Dr. Brenner slow-blinked. “Another day would be better for that.”
“No it wouldn’t.”
“Give yourself time to deal with this much.”
She raised her chin. “Tell me what you know.”
“I don’t—”
“You said you warned him.”
Dr. Brenner looked away. “If you’re willing to spend the night here, and let Smith go home, we can—”
“No.” Smith spoke for her. “She’s coming with me.”
Dr. Brenner pursed his lips. “Tessa?”
Smith held his breath. Did she have it in her to resist the man’s power?
She sagged. “I’m going home.”
Thank you, God.
Dr. Brenner’s eyebrow twitched. “We’ll talk tomorrow or the next day.”
Smith took her arm and led her to the door, looked once over his shoulder at the doctor, then took her out. Bair and Genie stopped talking and stood up.
“Let’s go,” Smith said, before anyone asked another question. Something felt wrong, and the sooner they were out of there the better.
From his seat at the breakfast table, through his dark glasses, Donny saw her. He looked up and saw her outside the barred window, walking. He ground back his chair and rushed over, banging his hands against the glass. He wanted her to look, wanted her to see him, but he couldn’t get to her, couldn’t …
“Stop banging the glass, Donny,” the attendant with pink hair said. “You’ll get in trouble.” Only part of her hair was pink. The other part was like straw, like the tall grasses in his field, and he had found it interesting, but he didn’t care about that now. Tessa was out there.
“It’s her. I have to talk to her. I have to tell her I want to go home.”
The attendant gave his arm a little tug. “You can’t talk to her. She can’t hear you.”
Because he’d been caught, trapped, taken away. He wasn’t in a cage but in a room again and couldn’t run and couldn’t go outside at night and couldn’t see the stars and feel the cool air on his face. “I have to tell her I want to go home.”

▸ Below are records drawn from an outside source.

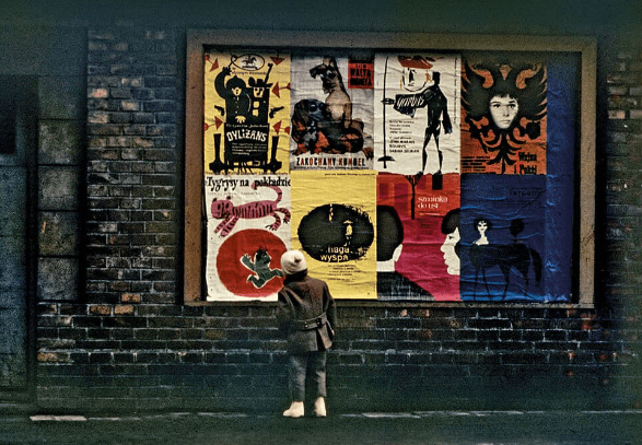 The ‘game’ played by the artists was to make extensive use of metaphor, symbolism, allusion, and visual puns to slip their message past government censors. In one noted example, Jan Sawka designed a circus poster with a trapeze artist walking high above the crowd wearing a prison garb. Extensive use of symbolism had the effect of bringing more attention to the posters, as the public grew accustomed to searching for hidden meanings. The lettering of most posters was done by hand, and the text became an important visual element. The human figure generally dominates the composition, with the face often rendered in profile view. Additionally, faces are frequently masked, often shown with various layers that are manipulated visually.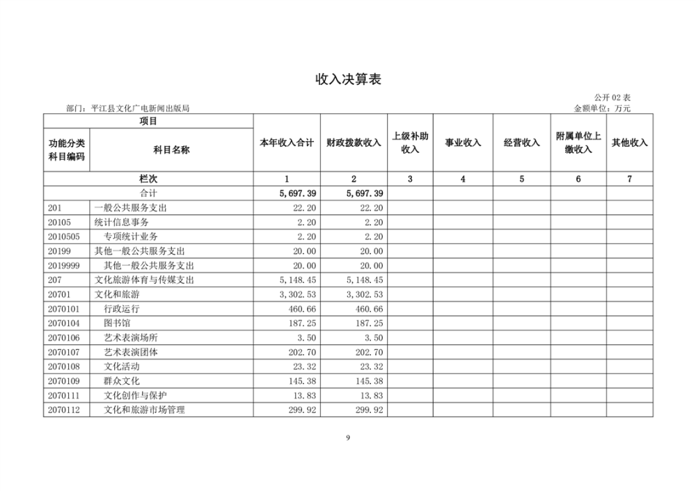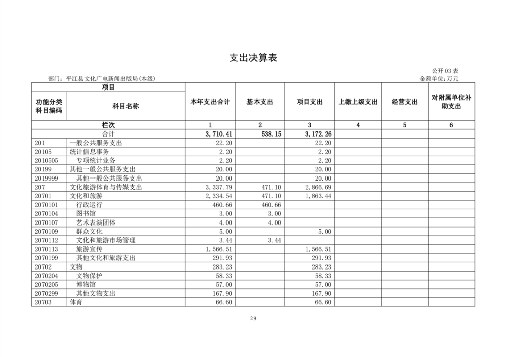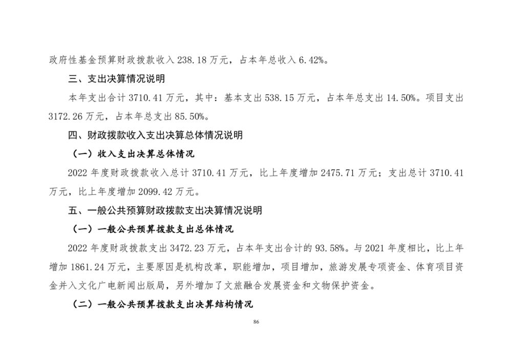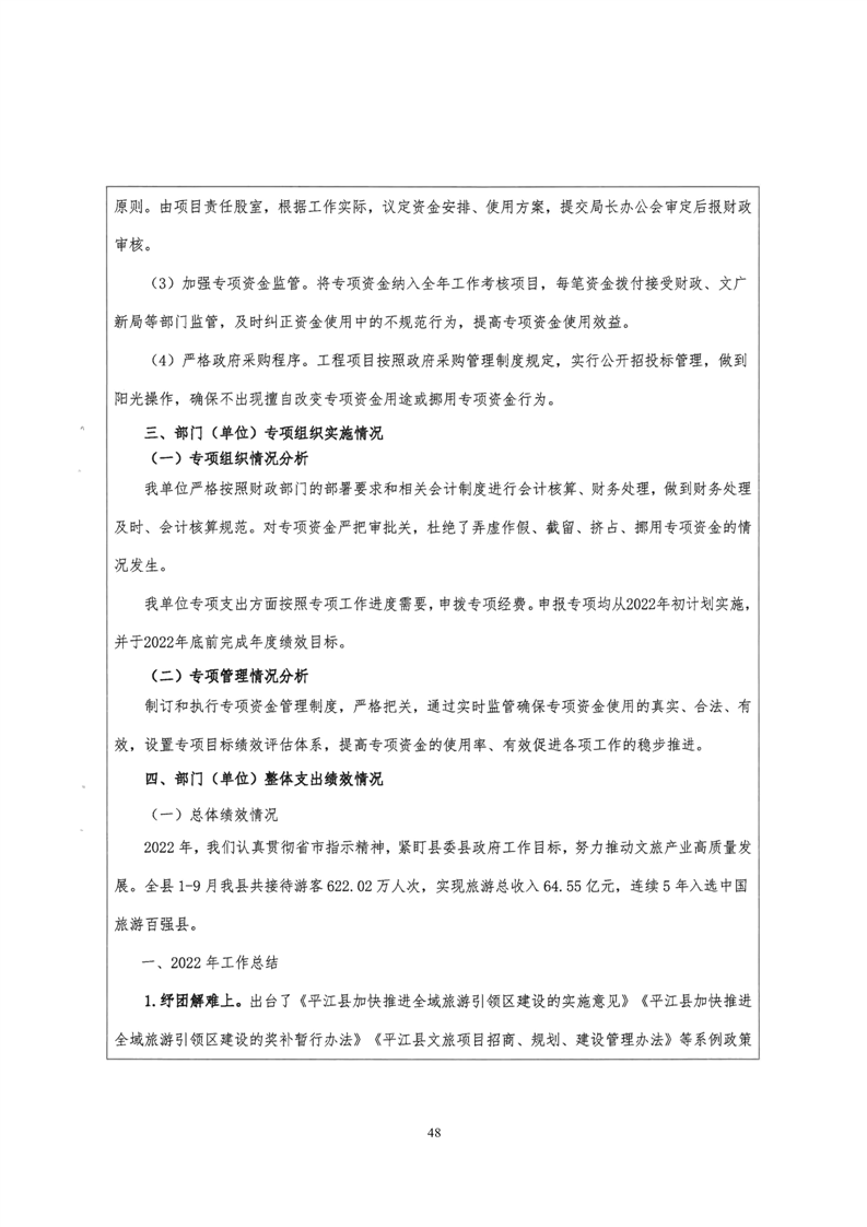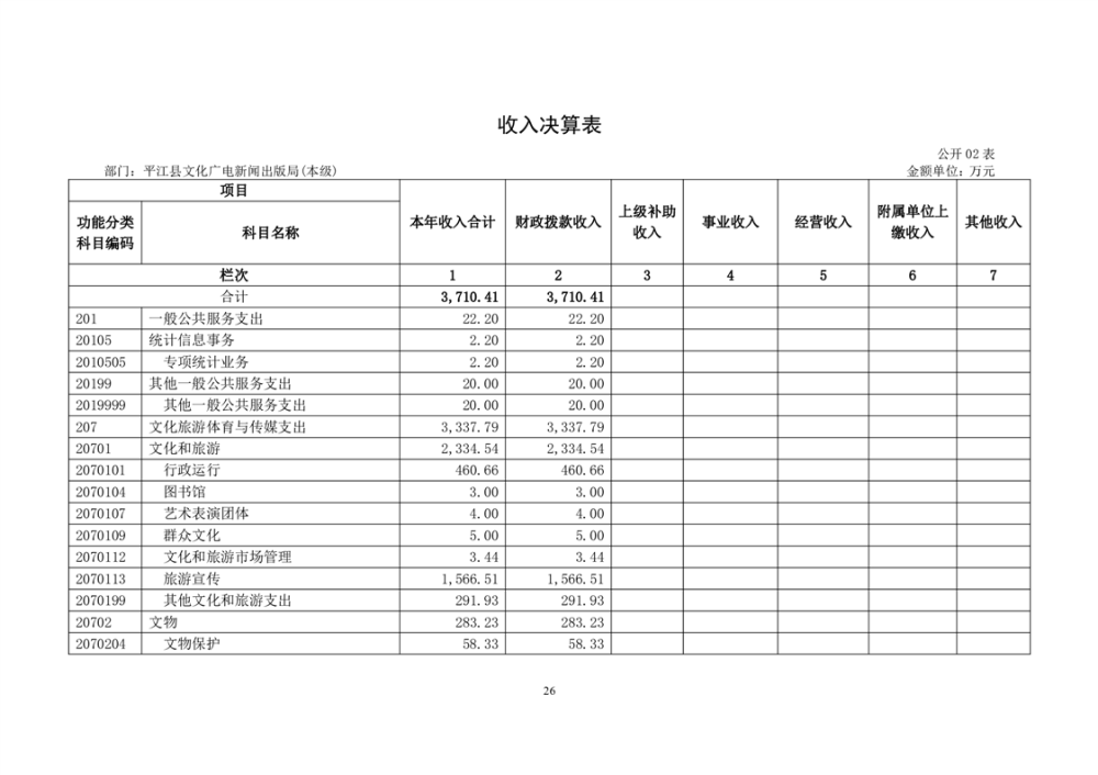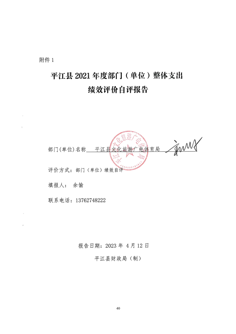 平江县文化旅游广电体育局2022年部门决算公开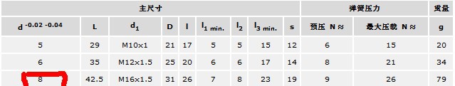 标准件主尺寸弹簧压力重量说明d-0.02 -0.04Ld1Dll1 min.l2l3 min.s预压 N ≈最大压载 N ≈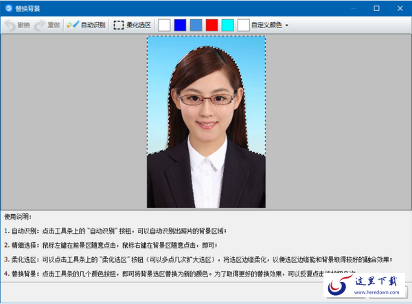 其中虚线为软件自动选择的将要替换的背景部分,如果有误,可按照下方的“使用说明”进行调整。调整完成后,点击“确定”按钮即可完成背景替换,效果如图所示: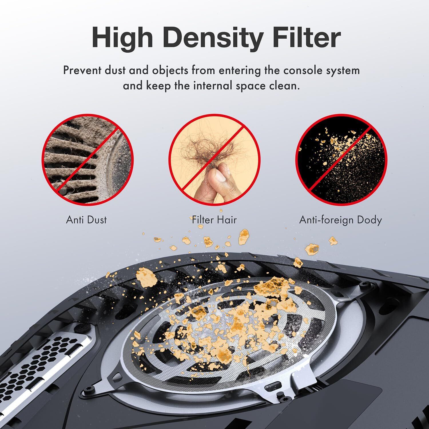 【PlayStation 5専用設計】防塵フィルターカバーセットは、PlayStation 5本体専用に設計されています。本体のファンと通気口にぴったりと収まり、ずれ落ちることなく、本体の動作を妨げません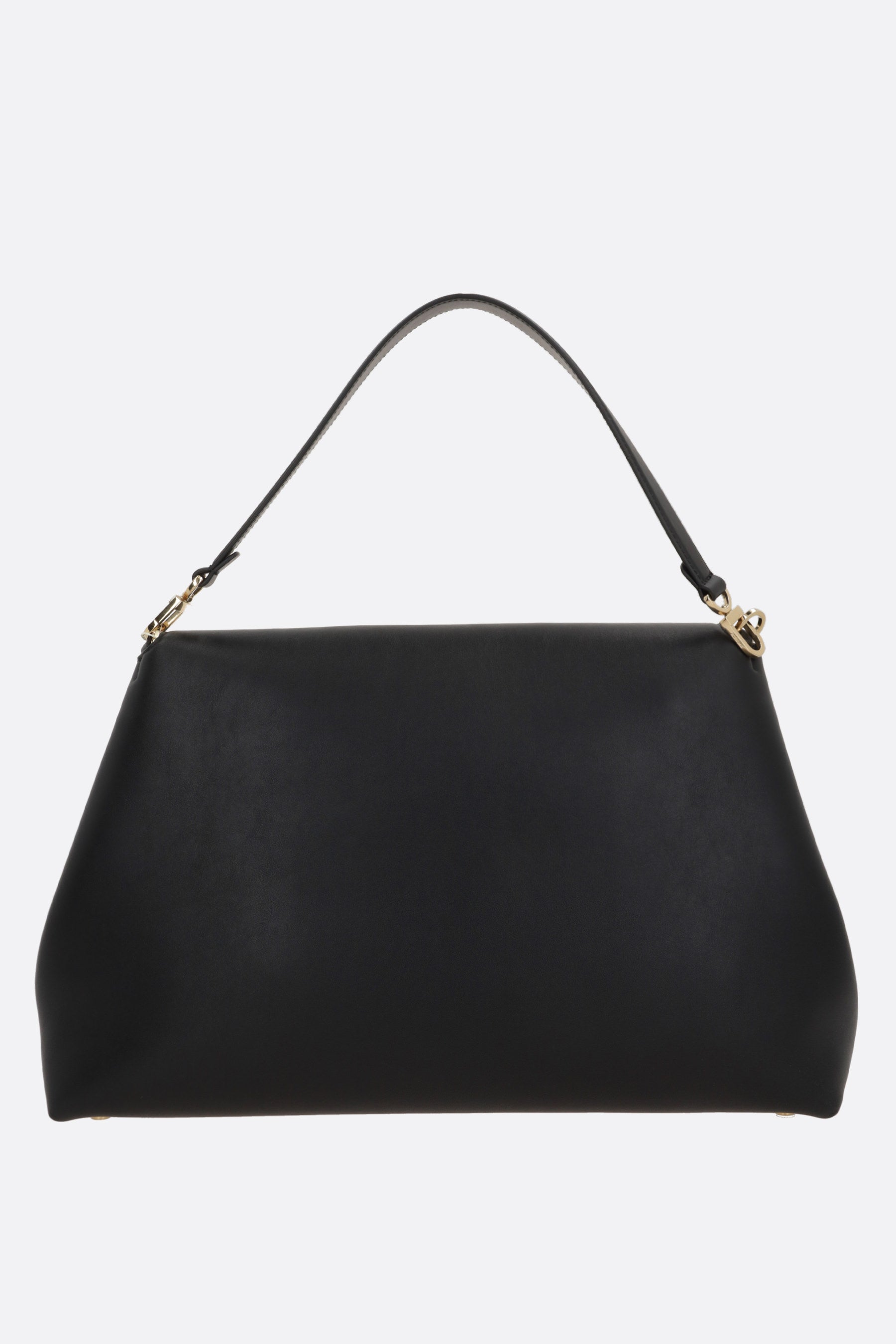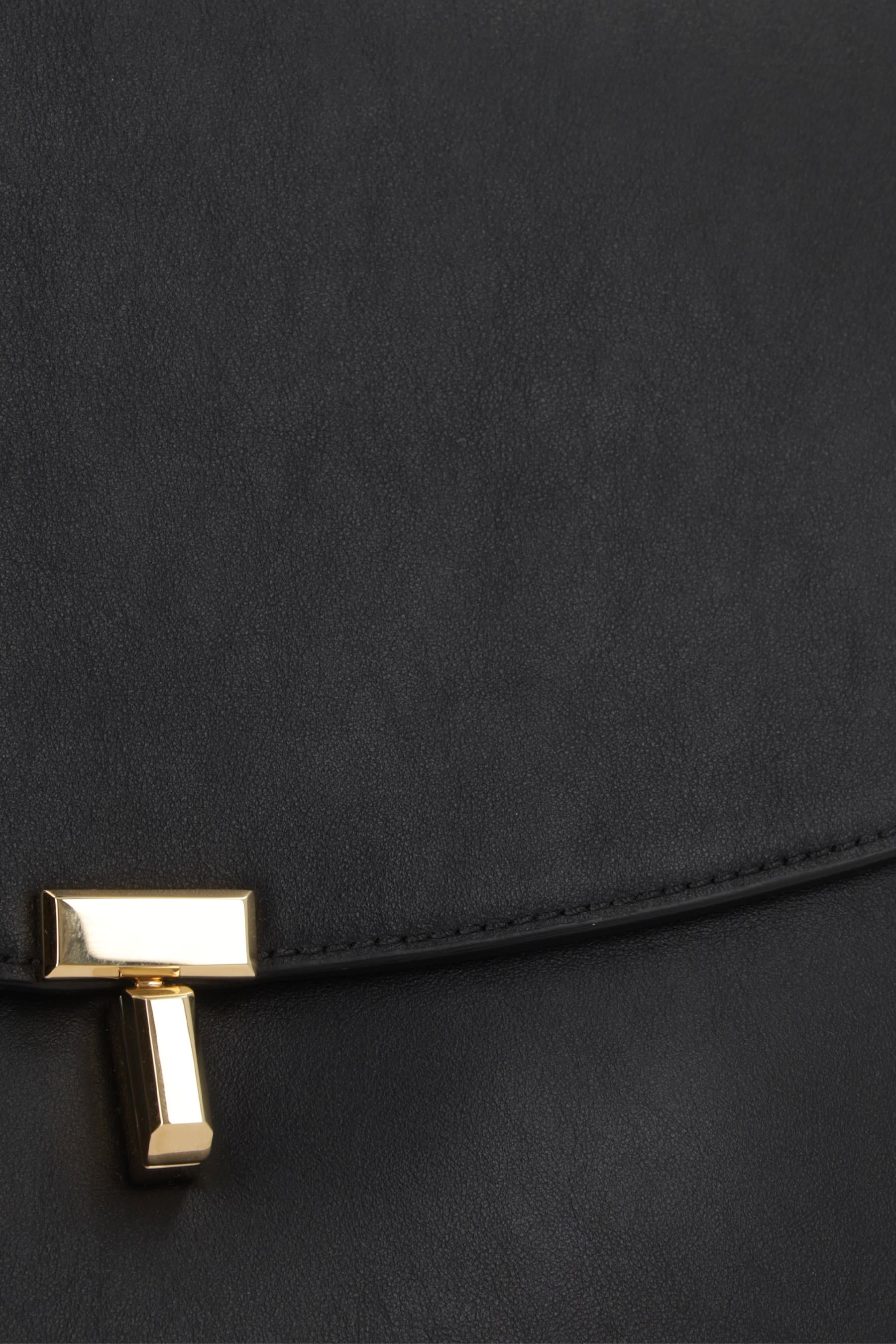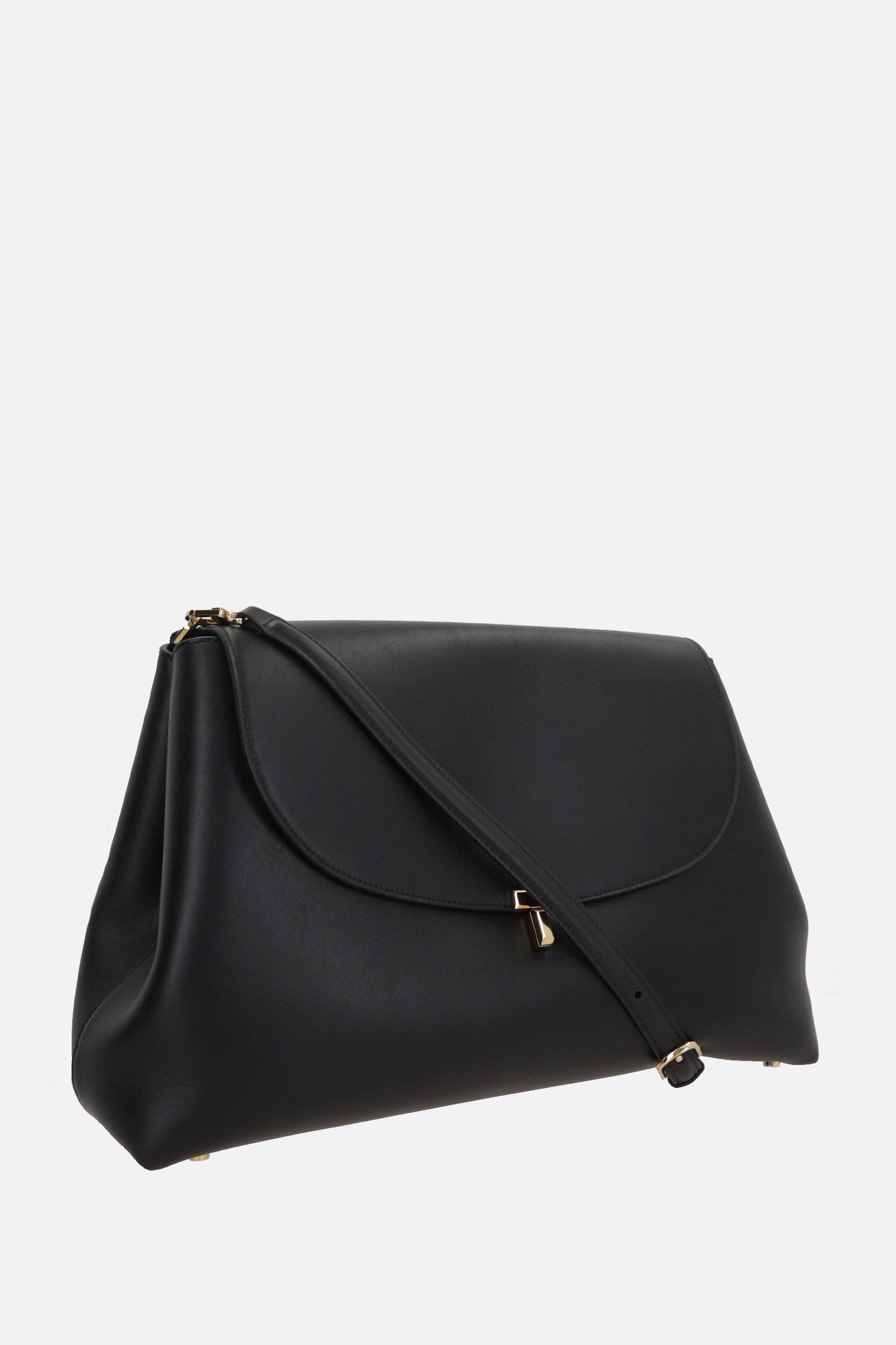 Toteme shoulder bag made of smooth black leather. Featuring gold-tone hardware, twist-lock closure on the flap, removable top handle, adjustable/removable shoulder strap, and metal protective feet. The beige microsuede-lined interior includes two flat pockets.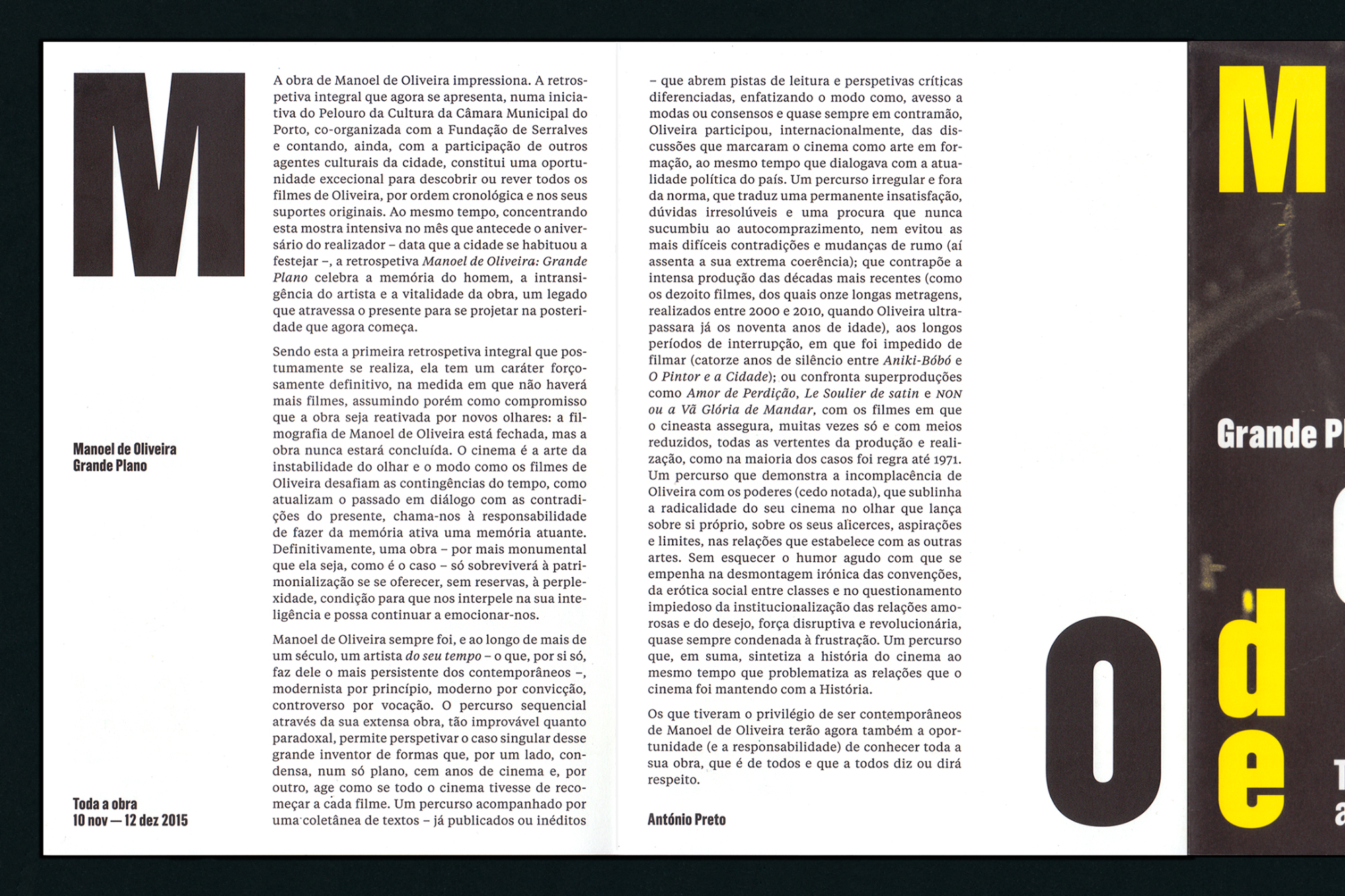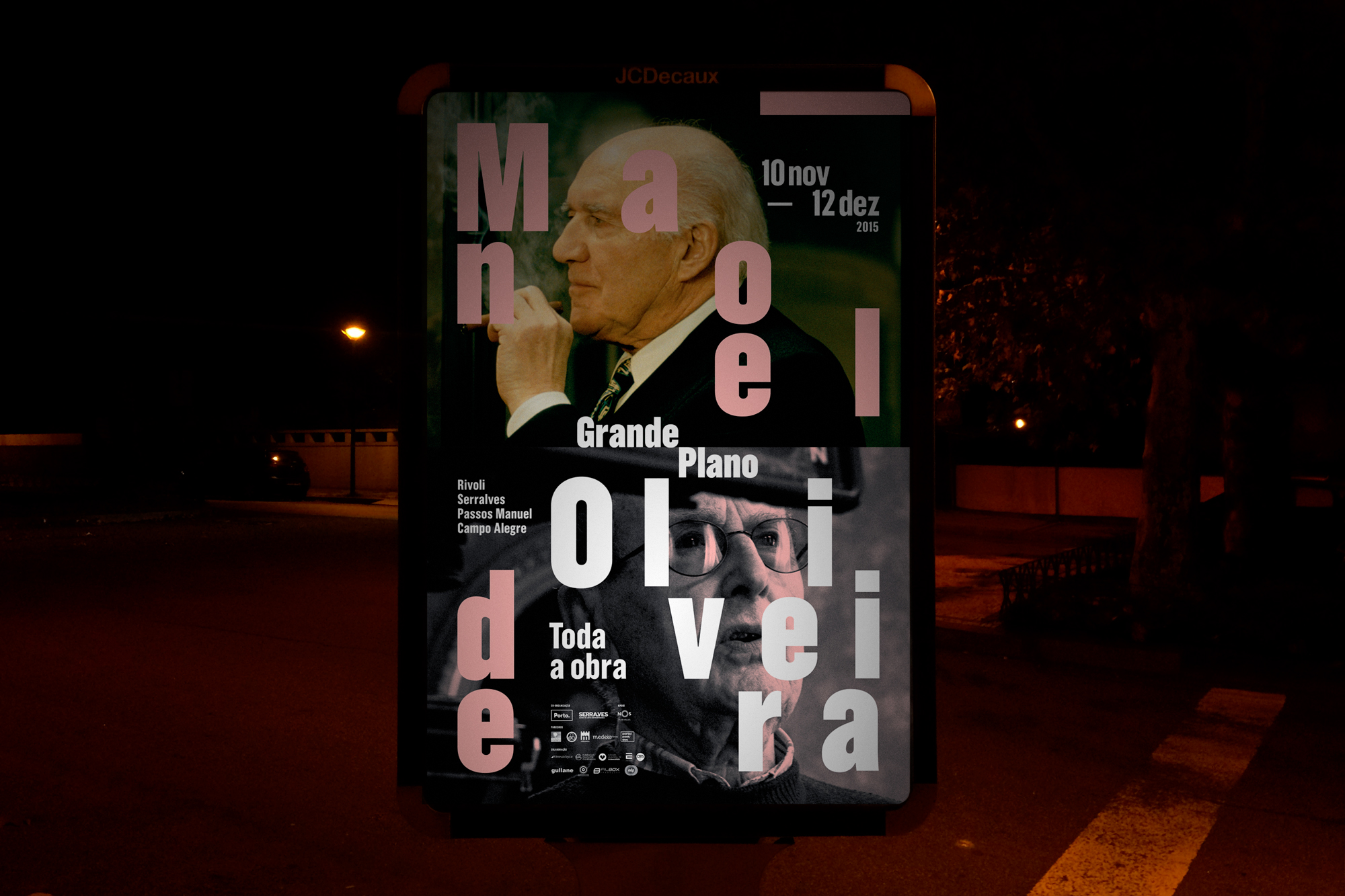 Manoel de Oliveira (1908–2015) was a Portuguese film-maker and screenwriter, with a deep connection with the city of Porto, where he lived and worked. The first retrospective of Manoel de Oliveira’s complete body of work happened there, during November and December of 2015, organised by the Porto City Hall, together with Serralves. During these two months his works were screened at several cinemas, with an overall of 38 sessions, presented by different speakers, who were somehow linked to Oliveira’s work. — And Atelier

“Why would you want to be back in that hole?”
“It’s not a hole. It’s a cistern and it’s mine, and she said Dr. Brenner would help me, but I don’t want help. I want to go home.”
“Well, you have to stop banging the glass or someone’s gonna get ticked.”
Pink-haired Danielle didn’t look at him. She looked around him, because she couldn’t stand looking. He wanted Tessa, who looked and didn’t scream—if he could only make her see him. He slapped his hands against the glass, shrieking when they came and pulled him away, pulled him where she couldn’t see him as she went farther and farther away.
And then Dr. Brenner was there, his face stern and unhappy. “What are you doing, Donny?”
“It’s her. It’s Tessa. I want to see her. I want to talk to her.”
“She can’t talk to you now. You need to go back to your room.”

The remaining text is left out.